Configure Security Settings in CardPointe

Adding card verification requirements and setting minimum donation amounts makes it significantly harder for fraudsters to use stolen card information successfully.

Card Verification Value (CVV or CVV2) is the three or four digit security code printed on credit cards. Requiring CVV ensures the person making the donation possesses the physical card.

Address Verification Service (AVS) matches the cardholder's billing address with the address on file at their credit card company.

Minimum donation amount prevents fraudsters from testing card validity with small, inconspicuous charges. Consider setting a minimum that aligns with your typical donation patterns while still being accessible to legitimate donors.

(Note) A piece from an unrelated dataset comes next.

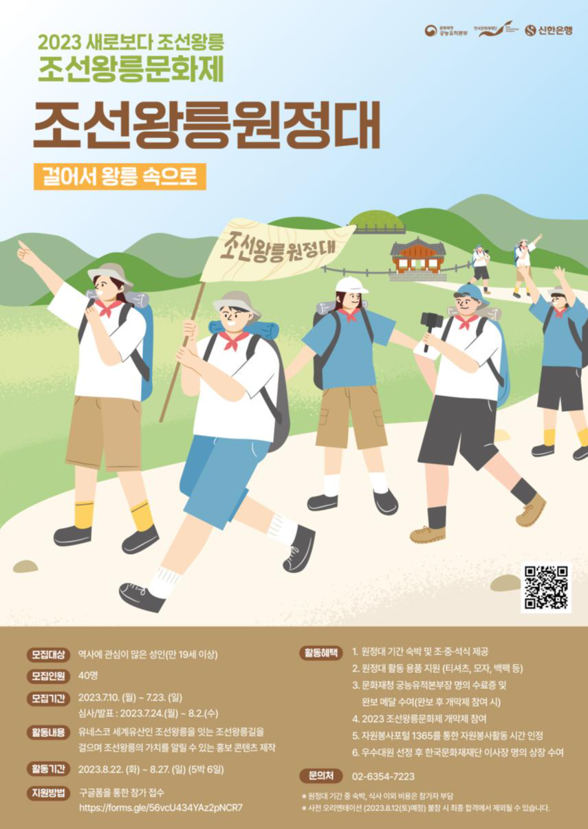 문화재청 궁능유적본부는 한국문화재재단과 함께 8월 22일부터 27일까지 6일간 「2023년 조선왕릉문화제」의 사전 특별 프로그램으로 ‘조선왕릉원정대’를 진행한다.

To configure these settings::

  1. From the CardPointe dashboard, navigate to Administration > Security.
  2. In the CVV / AVS Validation section
    1. Enable the checkboxes for CVV and AVS validation.
    2. Set your preferred minimum donation Threshold amount.
  3. Click Save.

Enabling these protections may increase declined transactions if donors enter incorrect address information or can't access their CVV. Most declines can be resolved by donors contacting their card issuer. If your organization experiences a large number of declines from multiple donors, contact iDonate support.

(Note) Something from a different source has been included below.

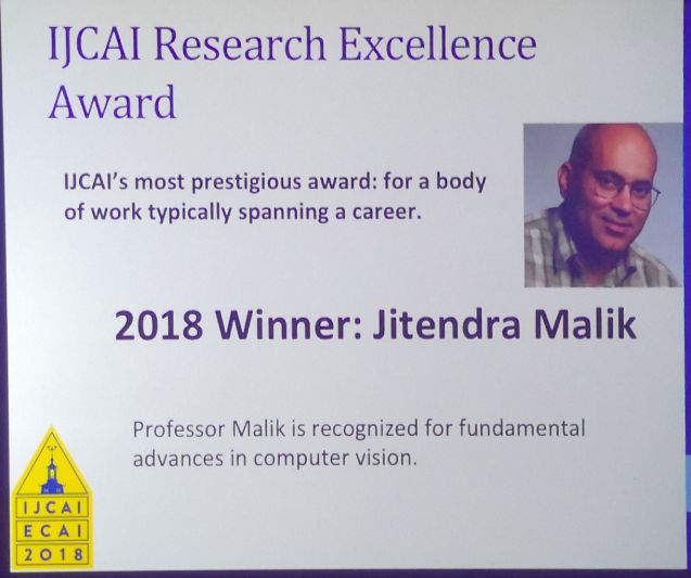 说完最佳论文,再来看其他奖项。IJCAI的奖项是任何AI研究人员可获得的最高荣誉之一。IJCAI 2018奖项设置分为:卓越研究奖(Research Excellent Award)、计算机与思想奖(Computer and Thought Award),以及约翰麦卡锡奖(John McCarthy Award)。
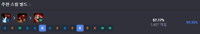 1레벨에는 Q스킬, 2레벨에는 E스킬, 3레벨에는 W스킬을 찍어준 뒤 4레벨부터는 R-Q-E-W 순서로 스킬을 마스터해주시면 됩니다.

Refer to the CardConnect Security Settings documentation for more information.

Enable Email Notifications

Stay informed about unusual transaction activity by enabling email notifications in your CardPointe Portal. The CardConnect Risk Mitigation team will alert you when credit card authorization velocity exceeds normal ranges, and your merchant account will be temporarily disabled to prevent further fraudulent attempts.

Refer to the CardConnect User Settings documentation for more information.

If Fraud Occurs

Refund Fraudulent Transactions

Refund any fraudulent transactions that were processed to avoid chargeback fees from your payment processor.

Before issuing refunds:

  1. Check the Chargebacks tab in CardPointe to confirm the cardholder hasn't already been refunded through the chargeback process.
  2. Process refunds only for transactions that haven't been charged back.
  3. Document all fraudulent transactions for your records.

Refer to Managing Donations in CardPointe for details on processing refunds.

iDonate's Built-in Fraud Protection

Your iDonate platform includes automated fraud protection that works behind the scenes:

  1. reCAPTCHA blocks automated bots while allowing legitimate donors to complete transactions smoothly. See the reCAPTCHA Overview to learn more.

  2. Risk tolerance scoring automatically evaluates and rejects high risk transactions based on factors including account velocity, geographic inconsistencies, proxy usage, free email domains, and known fraudulent patterns.

  3. Real time fraud detection analyzes session behavior and device signals to identify and block card testing attempts before they can exploit your payment forms.